More than eight decades after it was installed, a memorial to the three 19th-century sibling novelists in London’s Westminster Abbey was amended Thursday to restore the diaereses – the two dots over the e in their surname.

The dots — which indicate that the name is pronounced “brontay” rather than “bront” — were omitted when the stone tablet commemorating Charlotte, Emily and Anne was erected in the abbey’s Poets’ Corner in October 1939, just after the outbreak of World War II.

They were restored after Brontë historian Sharon Wright, editor of the Brontë Society Gazette, raised the issue with Dean of Westminster David Hoyle. The abbey asked its stonemason to tap in the dots and its conservator to paint them.

“There’s no paper record for anyone complaining about this or mentioning this, so I just wanted to put it right, really,” Wright said. “These three Yorkshire women deserve their place here, but they also deserve to have their name spelled correctly.”

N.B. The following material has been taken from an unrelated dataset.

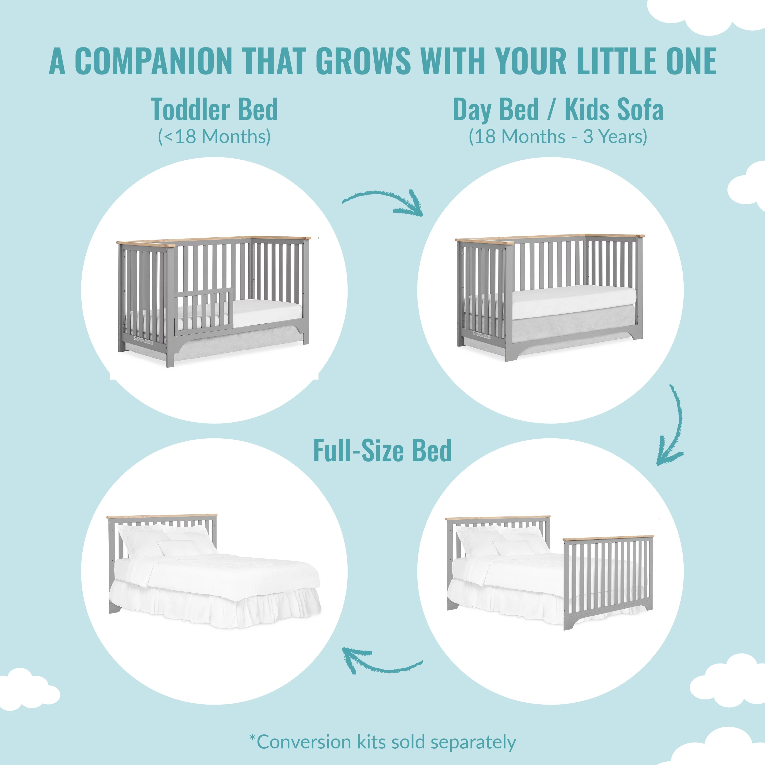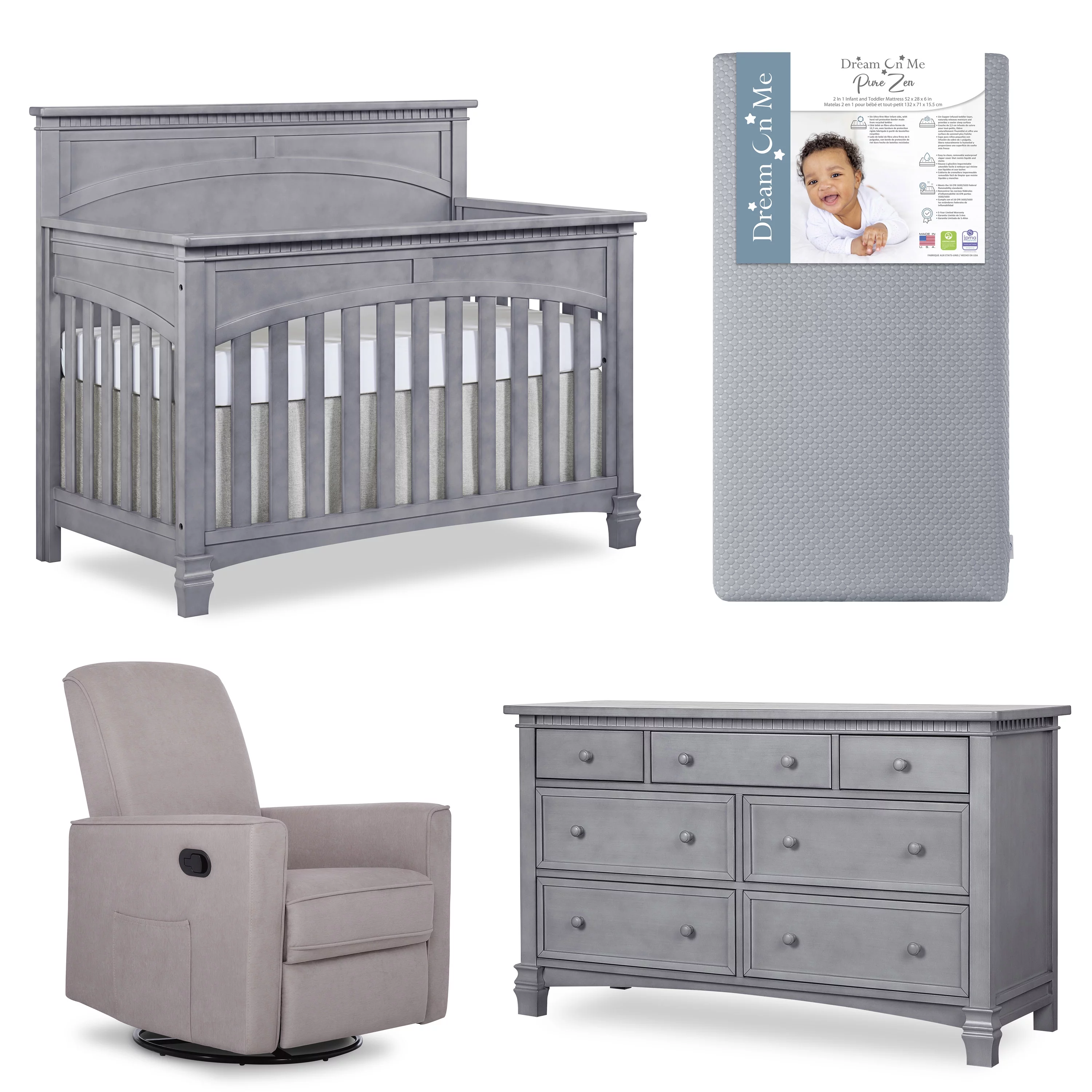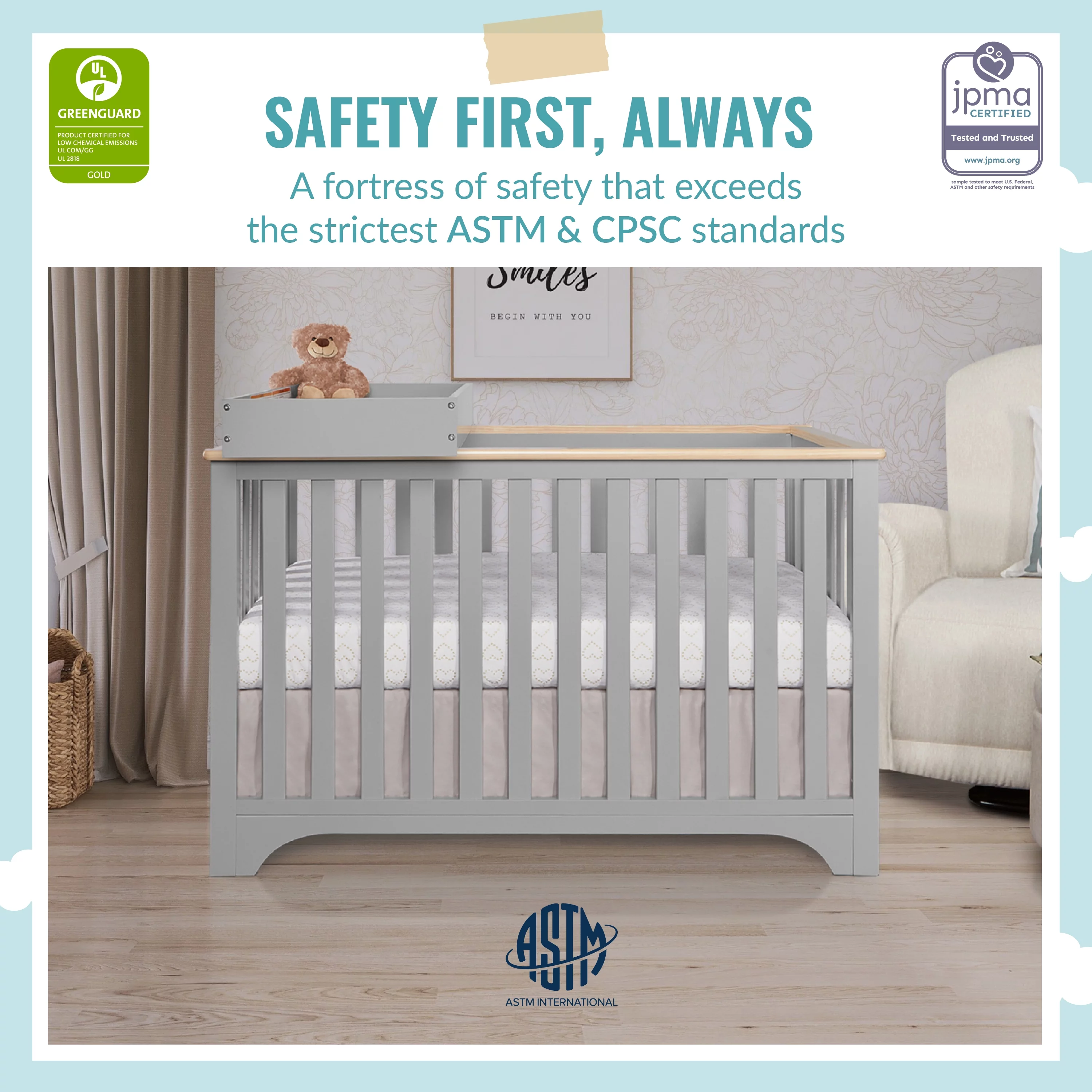 Dream On Me Harper 4-in-1 Convertible Crib, JPMA Certified, 3 Mattress Height Setting, Metallic Grey

It’s believed the writers’ Irish father Patrick changed the spelling of his surname from Brunty or Prunty when he went to university in England.

Raised on the wild Yorkshire moors, all three sisters died before they were 40, leaving enduring novels including Charlotte’s “Jane Eyre,” Emily’s “Wuthering Heights” and Anne’s “The Tenant of Wildfell Hall.”

Rebecca Yorke, director of the Brontë Society, welcomed the restoration.

“As the Brontës and their work are loved and respected all over the world, it’s entirely appropriate that their name is spelled correctly on their memorial,” she said.